İkinci Dünya Savaşı'ndan sonra ortaya çıkan bazı yazarlar, Robert Garioch ve Sydney Goodsir Smith dahil olmak üzere İskoçça yazarak MacDiarmid'i takip etti . Diğerleri, Norman MacCaig , George Bruce ve Maurice Lindsay'in de aralarında bulunduğu İngiliz şiirine daha fazla ilgi gösterdi . Orkney'den George Mackay Brown ve Lewis'ten Iain Crichton Smith , kendilerine özgü ada geçmişleriyle şekillenen hem şiir hem de düzyazı kurgu yazdılar. Glaswegian şair Edwin Morgan , çok çeşitli Avrupa dillerinden eserlerin çevirileriyle tanındı. Aynı zamanda 2004'te ilk İskoç hükümeti tarafından atanan ilk İskoç Makar'dı (resmi ulusal şair ). Muriel Spark , James Kennaway , Alexander Trocchi , Jessie Kesson ve Robin Jenkins gibi birçok büyük İskoç savaş sonrası romancı, çok ya da hayatlarının çoğu İskoçya dışında, ancak Spark'ın Edinburgh setinde The Prime of Miss Jean Brodie (1961) ve Kennaway'in Tunes of Glory (1956) filminin senaryosunda olduğu gibi genellikle İskoç temalarıyla uğraştı . Başarılı kitlesel pazar çalışmaları, Alistair MacLean'in aksiyon romanlarını ve Dorothy Dunnett'in tarihi kurgusunu içeriyordu . 1960'larda ve 1970'lerde ortaya çıkan genç nesil romancılar arasında Shena Mackay , Alan Spence , Allan Massie ve William McIlvanney'nin çalışmaları yer aldı .

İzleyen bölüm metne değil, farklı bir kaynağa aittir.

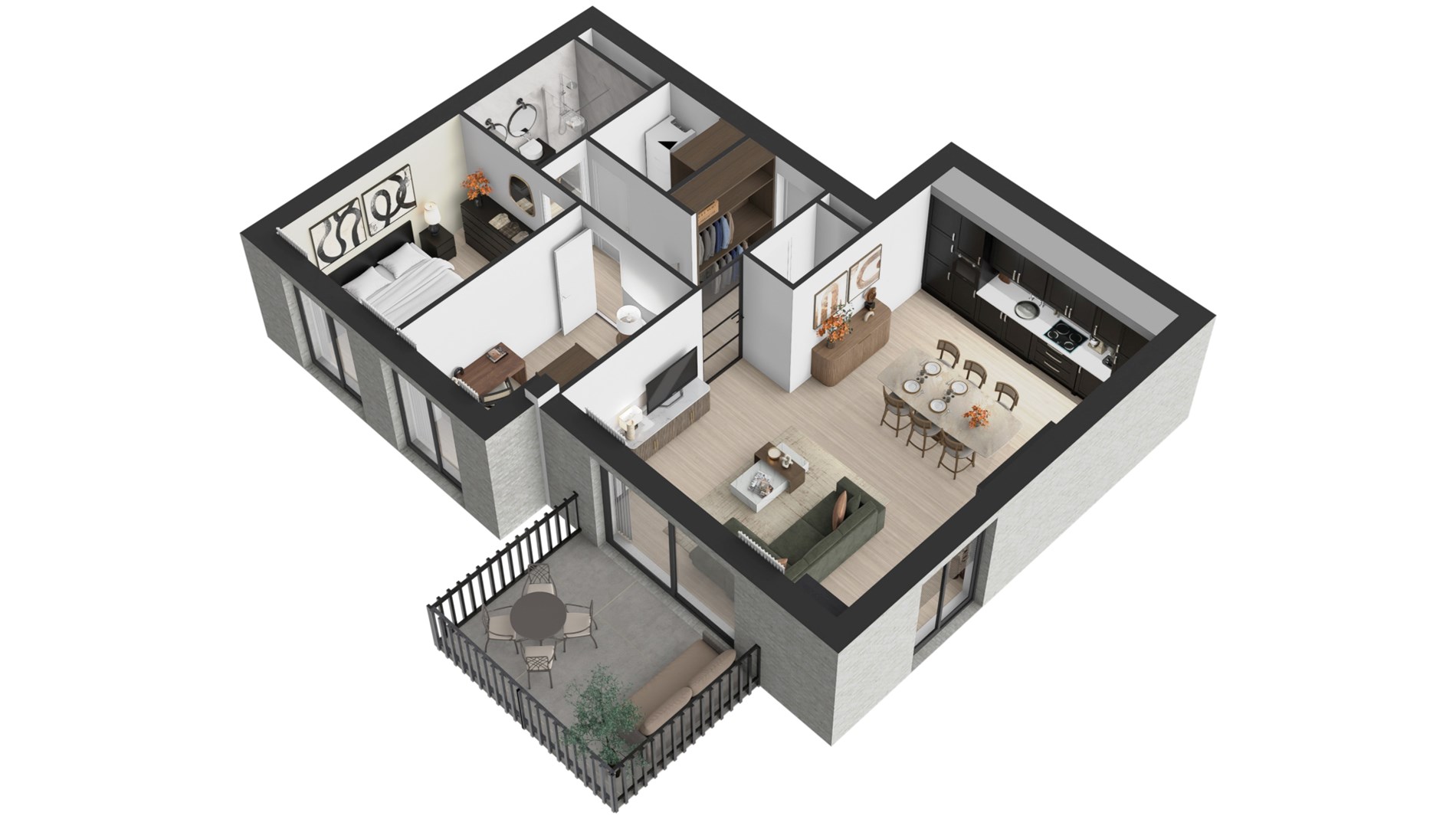 * Alle appartementen zijn voorzien van vloerverwarming en worden energie-efficiënt passief gekoeld gedurende warmere periodes. Samen met de groendaken en een zomerbypass op de ventilatiesystemen type D, wordt oververhitting tegengegaan.

1980'lerden itibaren İskoç edebiyatı, özellikle eleştirmen, şair ve öğretmen Philip Hobsbaum'un evindeki toplantılara odaklanan bir grup Glasgow yazarıyla ilişkili olarak, başka bir büyük canlanma yaşadı . Poligon Books'un editörü Peter Kravitz de harekette önemliydi . Yazar olarak öne çıkacak grubun üyeleri arasında James Kelman , Alasdair Gray , Liz Lochhead , Tom Leonard ve Aonghas MacNeacail vardı . Dahil bu hareketten doğan 1990'larda büyük, ödüllü İskoç romanlarında Irvine Welsh 'in Trainspotting (1993), Warner'ın Morvern Callar (1995), Gray Kötü şeyler (1992) ve Kelman en Nasıl Geç It oldu, nasıl Geç (1994 ). Bu eserler, marjinal deneyim alanlarını araştıran ve canlı yerel dil (küfürler ve İskoç lehçesi dahil) kullanan Thatcherizm'e bazen açıkça siyasi bir tepki ile bağlantılıydı . İskoç suç kurgusu, Val McDermid , Frederic Lindsay , Christopher Brookmyre , Quintin Jardine , Denise Mina ve özellikle Edinburgh'un Ian Rankin ve Müfettiş Rebus romanlarının başarısı gibi romancıların başarısıyla önemli bir büyüme alanı olmuştur . Bu dönem aynı zamanda Don Paterson , Robert Crawford , Kathleen Jamie ve Carol Ann Duffy gibi Birleşik Krallık sahnesinde önde gelen isimler haline gelen yeni nesil İskoç şairlerinin ortaya çıkmasına da tanık oldu . Glasgow doğumlu Carol Ann Duffy, Mayıs 2009'da Poet Laureate , ilk kadın, ilk İskoç ve ilk açık eşcinsel şair olarak seçildi .

Modern Sanat

David Mach 'ın Büyük Heids , Lanarkshire, çelik endüstrisinde bir haraç

Önemli savaş sonrası sanatçılar dahil Anne Redpath onun için en ünlü, (1895-1965) gündelik nesnelerin, iki boyutlu tasvirler Alan Davie caz etkilenmiştir (1920) ve Zen Budizm içine daha taşındı soyut dışavurumculuk ve heykeltıraş ve sanatçı Eduardo Pop art'ın öncüsü olan ve çeşitli bir kariyere sahip olan Paolozzi (1924–2005), fantezi ve modern dünya arasındaki yan yanalıkları inceleyen birçok eser üretti. John Bellany (1942–), esas olarak doğduğu kıyı topluluklarına odaklanan ve portre üzerine yoğunlaşan Alexander Moffat (1943–), her ikisi de "İskoç gerçekçiliği" tanımı altında gruplandırılmış, 1960'ların önde gelen İskoç entelektüelleri arasındaydı. Moffat ve Glasgow Sanat Okulu ile ilişkili sanatçılar bazen "yeni Glasgow Boys" veya "Glasgow yavruları" olarak bilinir ve Steven Campbell (1953–2007), Peter Howson (1958–), Ken Currie (1960–) içerir. ve Adrian Wisniewski (1958–). Figüratif çalışmaları çizgi roman kalitesine sahip ve toplumsal yoruma önem veriyor. 1990'lardan bu yana, ticari açıdan en başarılı sanatçı, çalışmaları genellikle figür kompozisyonundan oluşan ve en ünlü tablosu The Singing Butler (1992) ile İngiltere'de en çok satan baskı olarak anılan Jack Vettriano olmuştur . Ancak, eleştirmenlerden çok az beğeni aldı. Glasgow çıkan Çağdaş sanatçılar şunlardır Douglas Gordon ortamında çalışan (1966-), enstalasyon sanatının , Susan Philipsz ses kurulumları çalışır Richard Wright , onun girift duvar resimleri ve dikkat çeken Lucy McKenzie olan boyama olduğu (1977-), genellikle cinsel içeriklidir.